NY Times Buys Conspiracy Theory on Rove's Alabama Slam of Dem. Governor

June 2nd, 2008 3:57 PM

The New York Times has intermittently written up the strange allegations that former White House advisor Karl Rove tried to destroy a former governor of the state of Alabama, Don Siegelman. Siegelman, a Democrat, was prosecuted by the Justice Department and ultimately sentenced to federal prison for bribery. He was recently released on appeal, which probably spurred the paper's new interest in the case.

Monday's lead editorial -- "Mr. Rove Talks, but Doesn't Answer" -- doubled down on the validity of the liberal conspiracy theory.

In a recent appearance on "This Week With George Stephanopoulos," Karl Rove was asked if he had a role in the Justice Department's decision to prosecute Don Siegelman. The former Democratic governor of Alabama was convicted and sentenced to more than seven years, quite possibly for political reasons, and there is evidence that Mr. Rove may have been pulling the strings.

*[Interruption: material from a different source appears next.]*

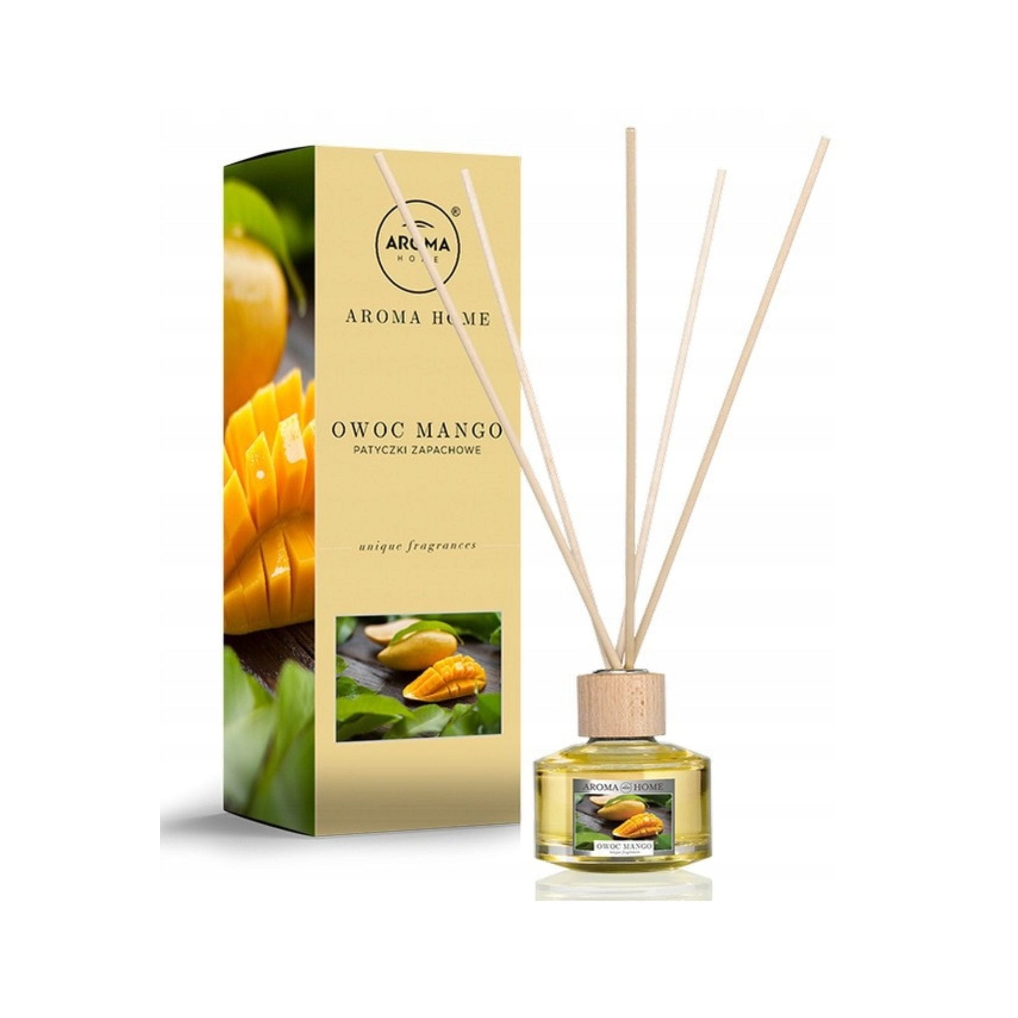 Aroma Home Mango to patyczki zapachowe o pojemności 50 ml, które wprowadzają do wnętrz egzotyczny, owocowy aromat mango. Produkt skutecznie neutralizuje nieprzyjemne zapachy, tworząc radosną i energetyzującą atmosferę w pomieszczeniach.

Mr. Rove, who has traded in his White House job for that of talking head, talked a lot but didn't answer the question. He also did not directly deny being involved. The House Judiciary Committee has subpoenaed him to testify. It should do everything in its power to see that he does and that he answers all of its questions.

Mr. Siegelman -- who began serving his sentence before being freed on appeal -- was convicted on corruption charges that appear to be flimsy, and his supporters have long insisted that he was prosecuted for partisan reasons. Until his indictment, he was the Democrats' best chance of taking back the Alabama governorship.

After Mr. Siegelman's conviction, Dana Jill Simpson, a Republican lawyer, swore in an affidavit that she had heard another G.O.P. political operative, Bill Canary, boast in a phone call that his wife would "take care" of Mr. Siegelman and that Mr. Rove was involved in the planning. Mr. Canary's wife is Leura Canary, the United States attorney for Montgomery, and her office prosecuted Mr. Siegelman.

The Times concluded:

Mr. Rove seems willing to talk about this case everywhere except where he is required to: in Congress, in public, under oath. The American people, and Mr. Siegelman, are counting on Congress to find out the truth.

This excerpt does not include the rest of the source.